>>>>>

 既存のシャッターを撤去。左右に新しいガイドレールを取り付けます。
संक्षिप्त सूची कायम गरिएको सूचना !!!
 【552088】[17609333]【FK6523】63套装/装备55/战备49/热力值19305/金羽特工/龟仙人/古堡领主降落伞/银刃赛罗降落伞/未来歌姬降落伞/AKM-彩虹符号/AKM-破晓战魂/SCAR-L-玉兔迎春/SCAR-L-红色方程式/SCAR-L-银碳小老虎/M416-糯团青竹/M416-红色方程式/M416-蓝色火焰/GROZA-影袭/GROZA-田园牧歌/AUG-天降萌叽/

<<<<<
>>>>>

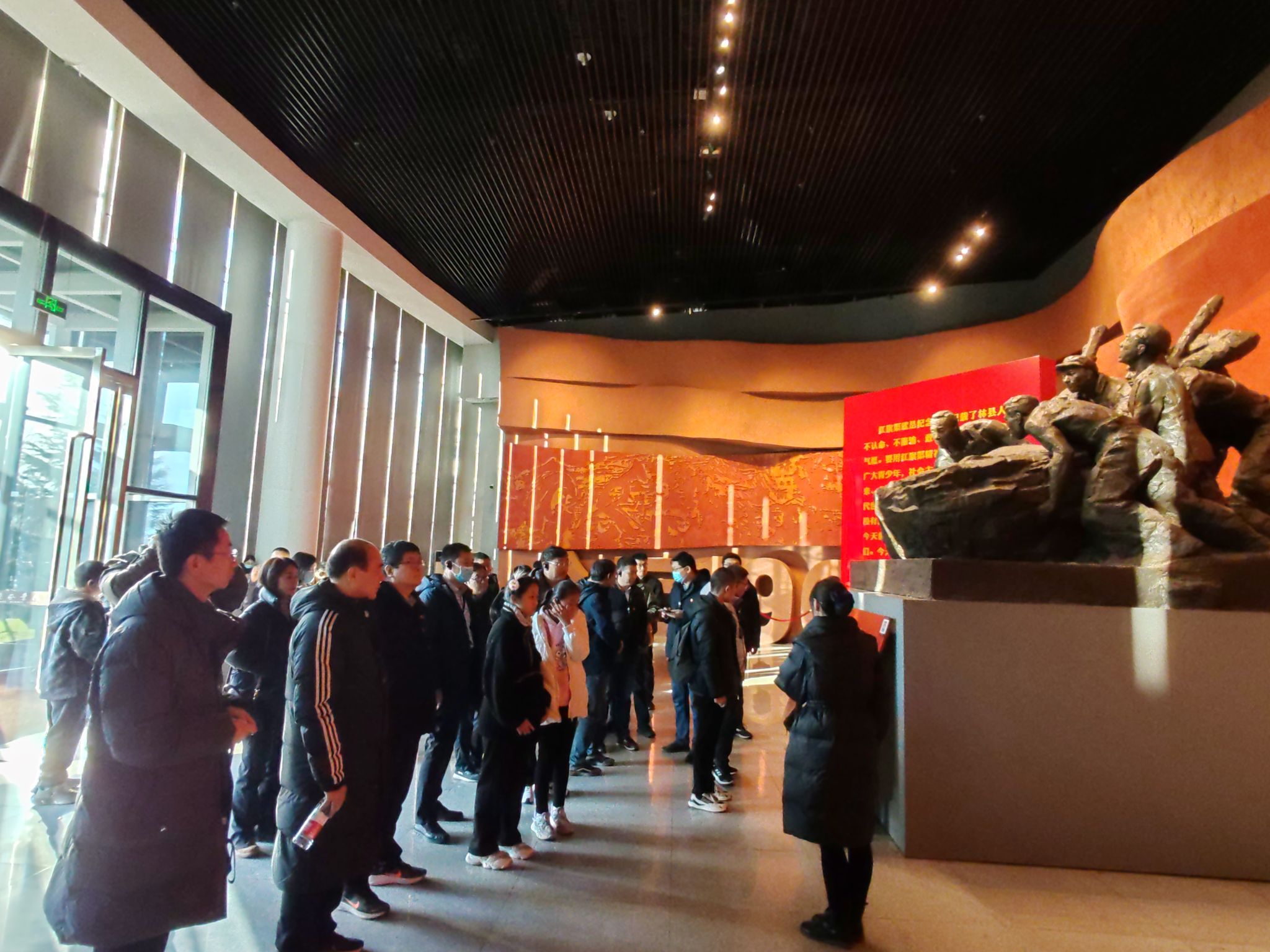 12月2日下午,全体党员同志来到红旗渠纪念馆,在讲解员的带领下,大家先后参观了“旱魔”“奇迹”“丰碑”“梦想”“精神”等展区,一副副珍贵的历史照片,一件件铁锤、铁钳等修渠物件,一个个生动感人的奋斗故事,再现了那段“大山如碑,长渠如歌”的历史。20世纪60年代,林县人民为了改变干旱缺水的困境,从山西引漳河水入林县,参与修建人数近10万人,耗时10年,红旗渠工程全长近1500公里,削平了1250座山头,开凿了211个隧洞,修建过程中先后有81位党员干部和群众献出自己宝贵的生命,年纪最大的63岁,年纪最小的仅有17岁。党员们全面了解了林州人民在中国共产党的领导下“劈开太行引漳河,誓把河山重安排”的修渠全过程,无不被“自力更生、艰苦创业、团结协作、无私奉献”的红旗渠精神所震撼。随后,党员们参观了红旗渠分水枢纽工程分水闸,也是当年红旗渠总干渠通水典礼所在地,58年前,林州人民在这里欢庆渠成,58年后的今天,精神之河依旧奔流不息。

<<<<<
>>>>>

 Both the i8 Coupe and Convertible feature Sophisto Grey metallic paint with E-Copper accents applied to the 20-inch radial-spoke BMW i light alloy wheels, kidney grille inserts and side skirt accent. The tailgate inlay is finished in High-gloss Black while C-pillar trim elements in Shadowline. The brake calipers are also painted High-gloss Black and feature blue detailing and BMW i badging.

<<<<<

*WHAT YOU HAVE TO DO:*
Only the lines above starting at the one containing "既存のシャッターを撤去。左右に新しいガイドレールを取り付けます。" and ending at the one containing "संक्षिप्त सूची कायम गरिएको सूचना !!!", both included, are to be returned, exactly as they read.

*RESULT OF THE TASK:*
 既存のシャッターを撤去。左右に新しいガイドレールを取り付けます。
संक्षिप्त सूची कायम गरिएको सूचना !!!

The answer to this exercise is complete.